Multi-region architecture¶

Runbook for the multi-region infrastructure design that enables disaster recovery at Golem Trust. The primary region is Hetzner Helsinki (hel1) in Finland. The DR region is Hetzner Nuremberg (nbg1) in Germany. Both regions run identical infrastructure. In normal operation, all traffic serves from Helsinki. When Helsinki is unavailable, Nuremberg takes over within minutes.

Region overview¶

Helsinki (hel1) is the active region. All production writes go here. It runs:

Three Vault nodes (HA Raft cluster)
PostgreSQL primary instance (db-01.hel1.golemtrust.am)
Keycloak application cluster (two instances behind a load balancer)
GitLab CE
Harbor registry
Kubernetes cluster (three nodes)
Headscale control plane
Graylog and OpenSearch
Prometheus, Alertmanager, Grafana

Nuremberg (nbg1) is the passive DR region. It mirrors Helsinki’s infrastructure at reduced capacity during normal operation. It runs:

Three Vault nodes (HA Raft cluster, separate but unsealed independently)
PostgreSQL replica (db-01.nbg1.golemtrust.am, streaming from Helsinki primary)
Keycloak application cluster (two instances, read-only during normal operation)
Harbor registry (pull-through cache of Helsinki; full registry promoted during failover)
Kubernetes cluster (three nodes, workloads paused during normal operation)
Prometheus (scraping Nuremberg hosts; federated from Helsinki Prometheus)

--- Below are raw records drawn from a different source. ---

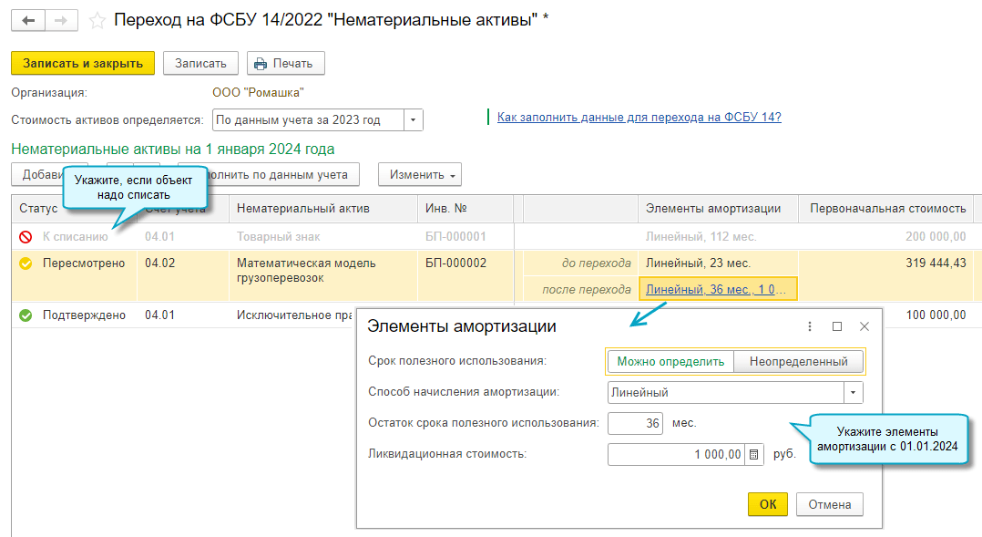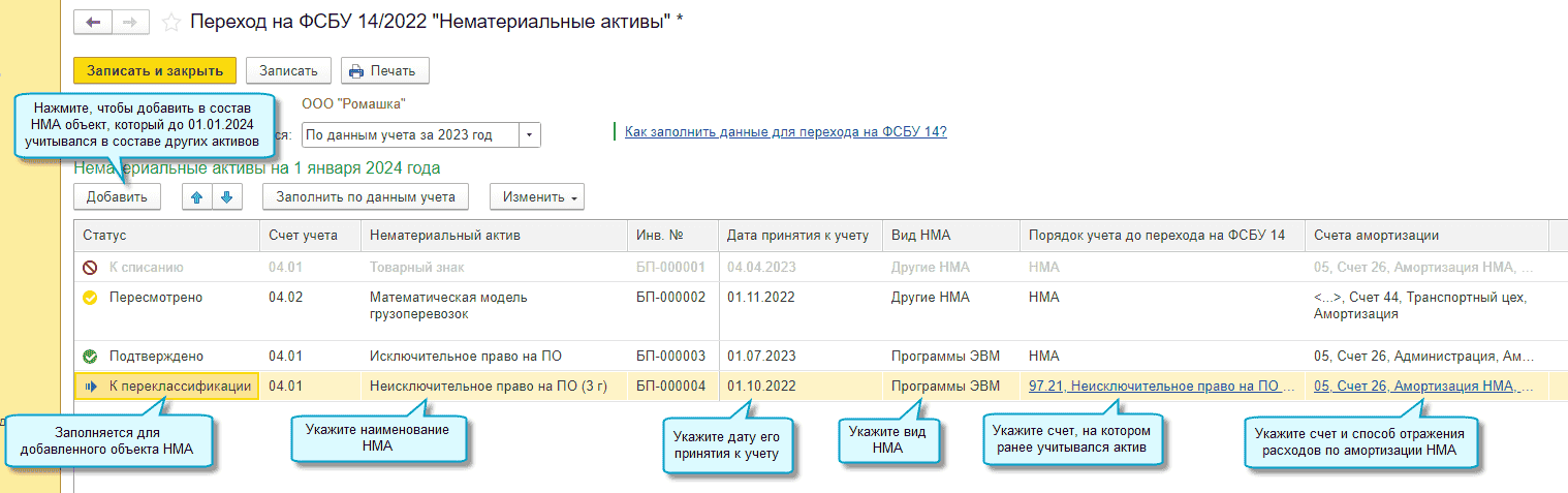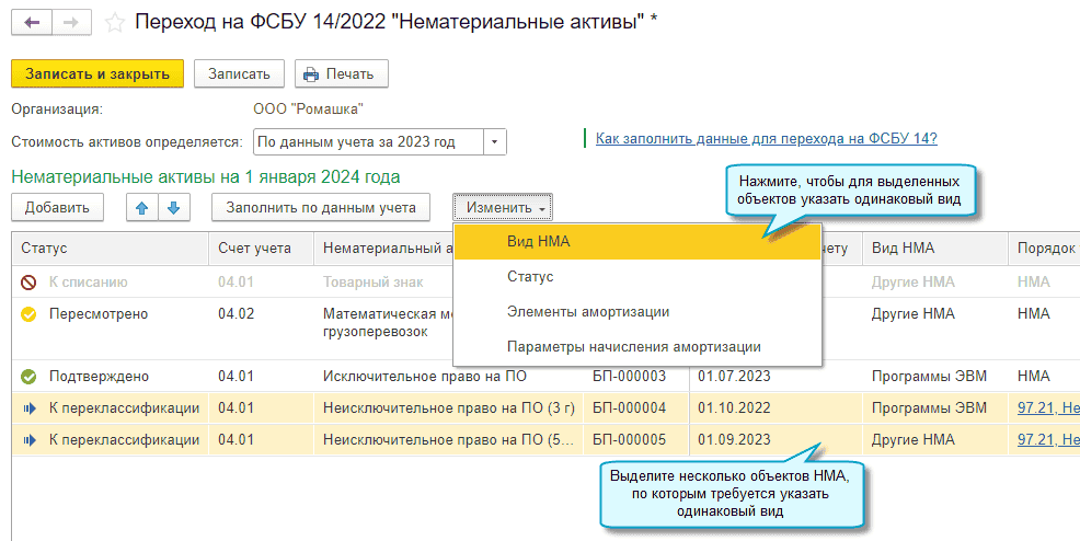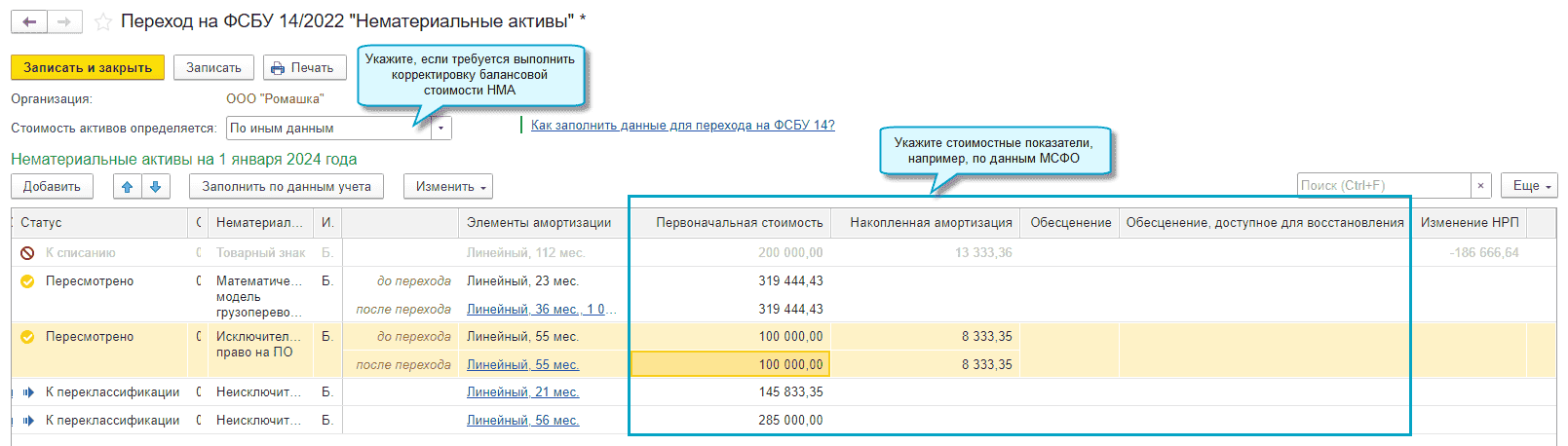 Добавлена возможность скорректировать балансовую стоимость НМА в соответствии с рекомендациями БМЦ Р-155/2023-КпР «Переход на ФСБУ 14/2022 "Нематериальные активы" и Р-145/2022-КпР «Использование данных МСФО при переходе на ФСБУ» , если это требуется. Данные по обесценению могут быть внесены сейчас, при этом потребуется заново выполнить регламентную операцию Переход на ФСБУ 14 после поддержки учета обесценения НМА в следующих версиях.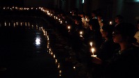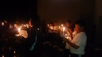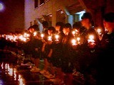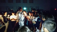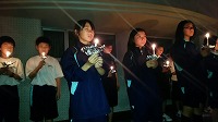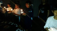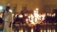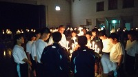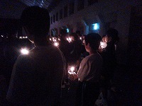最初は火の神の一つしかなかった火が、クラス全員のろうそくに火が灯り、徐々に明るくなっていく様子が幻想的な雰囲気をかもし出していました。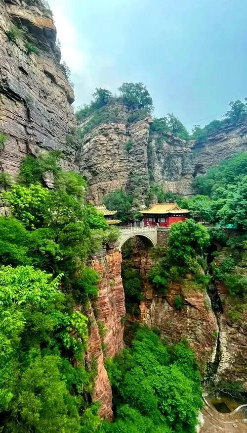 苍岩山石崖陡,桥楼殿搭在山谷之间,桥上有楼,楼中有殿,抬头能看天,低头见云影。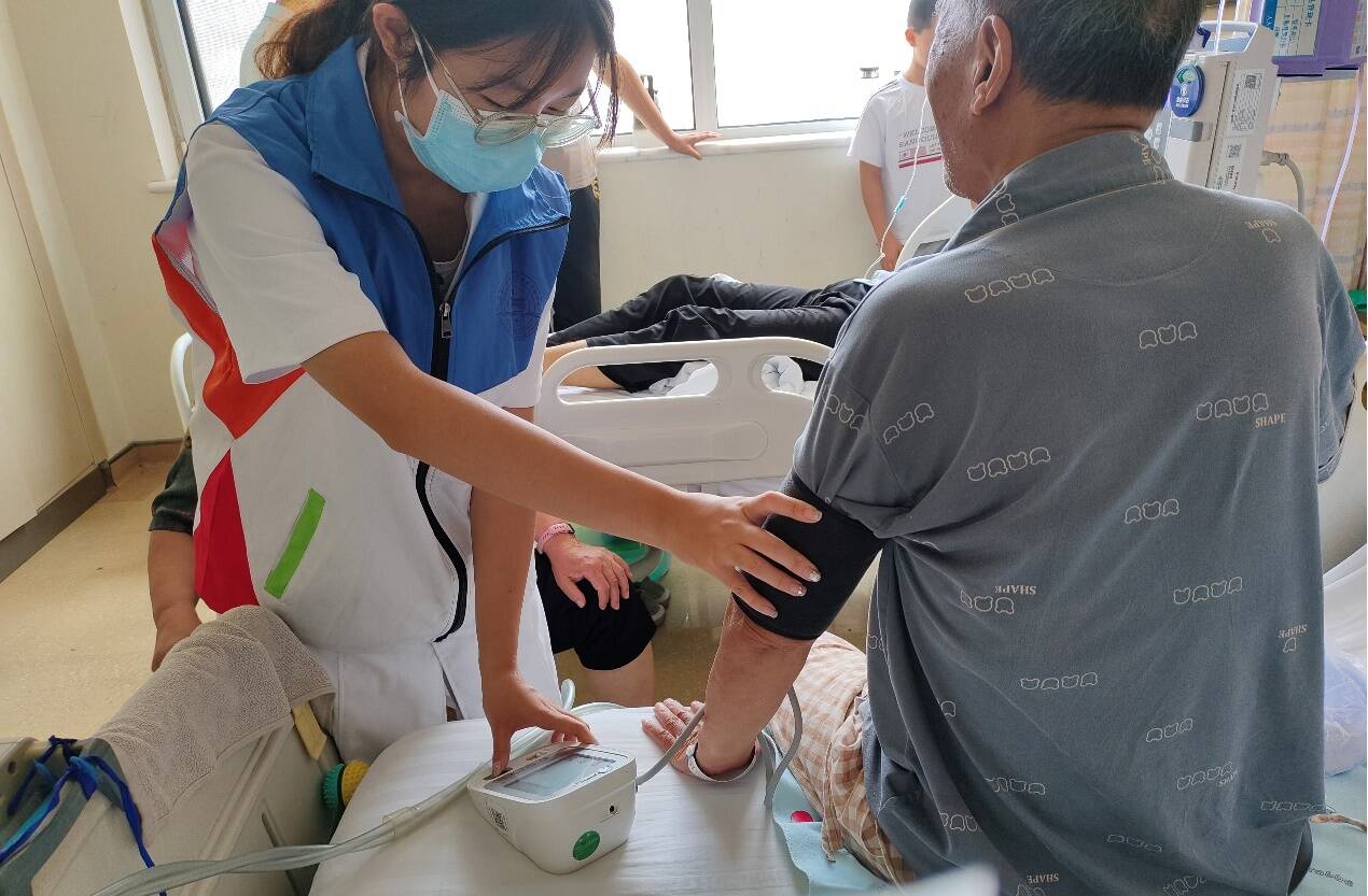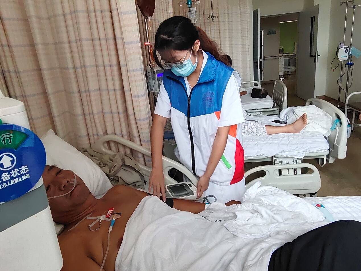 活动之初,为确保服务的专业性与高效性,队员们在山东省肿瘤医院外事部主任崔永春的安排下,于医院会议室接受了简易的专业培训,并进行了具体分工。随后,队员们分赴肝胆外科与骨软外科,深入各个病房,为老年患者提供血压、血糖、血氧饱和度检测等基础医疗服务。同时,队员们还与老人积极交流互动,建立情感联系,耐心细致地为他们分析病情、解答疑问和进行心理疏导,有效缓解了老年患者因疾病而产生的紧张、焦虑等不良情绪。队员们的专业素养与人文关怀赢得了老年患者及其家属的高度评价和由衷赞赏。

GitLab, Graylog, and OpenSearch are Helsinki-only services. During a failover, GitLab CI pipelines are unavailable; this is an accepted operational constraint. Log data is not replicated to Nuremberg; historical logs from Helsinki are available once Helsinki recovers.

Network connectivity between regions¶

Both regions connect via Headscale. Each region has its own Headscale-registered subnet, and the ACL policy permits cross-region traffic for specific services: database replication, Vault raft gossip, and Prometheus federation.

Hetzner private networks do not span regions, so cross-region connectivity uses the Headscale overlay. The database replication stream between Helsinki and Nuremberg traverses the WireGuard tunnel provided by Headscale, which encrypts the replication traffic in transit.

Latency between hel1 and nbg1 is typically 25-35ms. This is acceptable for asynchronous replication with a 1-second lag threshold.

Infrastructure as code¶

Both regions are provisioned from the same Ansible playbooks with region-specific inventory groups. The inventory/hosts.yml distinguishes region by group:

all:
  children:
    hel1:
      children:
        hel1_infrastructure:
          hosts:
            vault-01.hel1.golemtrust.am:
            vault-02.hel1.golemtrust.am:
            vault-03.hel1.golemtrust.am:
            db-01.hel1.golemtrust.am:
            keycloak-01.hel1.golemtrust.am:
            keycloak-02.hel1.golemtrust.am:
    nbg1:
      children:
        nbg1_infrastructure:
          hosts:
            vault-01.nbg1.golemtrust.am:
            vault-02.nbg1.golemtrust.am:
            vault-03.nbg1.golemtrust.am:
            db-01.nbg1.golemtrust.am:
            keycloak-01.nbg1.golemtrust.am:
            keycloak-02.nbg1.golemtrust.am:

Region-specific variables (IP ranges, hostnames, replication role) are set in inventory/group_vars/hel1/ and inventory/group_vars/nbg1/. All other variables are shared in inventory/group_vars/all/.

Capacity sizing¶

Helsinki hosts use full-size instances. Nuremberg hosts use one tier smaller during normal operation to reduce cost; they are resized upward as part of the failover procedure when sustained traffic is expected.

Helsinki                 Nuremberg (standby)    Nuremberg (active)
db-01:  CX52 (16/32)    db-01: CX42 (8/16)     CX52 (resize on failover)
kc-0x:  CX32 (8/16)     kc-0x: CX22 (4/8)      CX32 (resize on failover)
k8s:    CX42 x3          k8s:   CX32 x3          CX42 x3 (resize on failover)

Resizing a Hetzner instance requires a brief shutdown (typically 2-3 minutes). The failover automation triggers the resize after DNS has been cut over so the resize window does not contribute to customer-facing downtime.

Monitoring cross-region health¶

Prometheus in Helsinki scrapes both regions. A separate Prometheus instance in Nuremberg scrapes Nuremberg hosts independently, so monitoring survives a Helsinki outage.

The failover health check (see the failover automation runbook) runs from a third location: a small Hetzner CX11 instance in Frankfurt (fra1) that is not involved in serving production traffic. The Frankfurt instance is the authoritative judge of whether Helsinki is available. Using a geographically separate vantage point prevents split-brain scenarios where Helsinki’s own monitoring cannot see that it is down.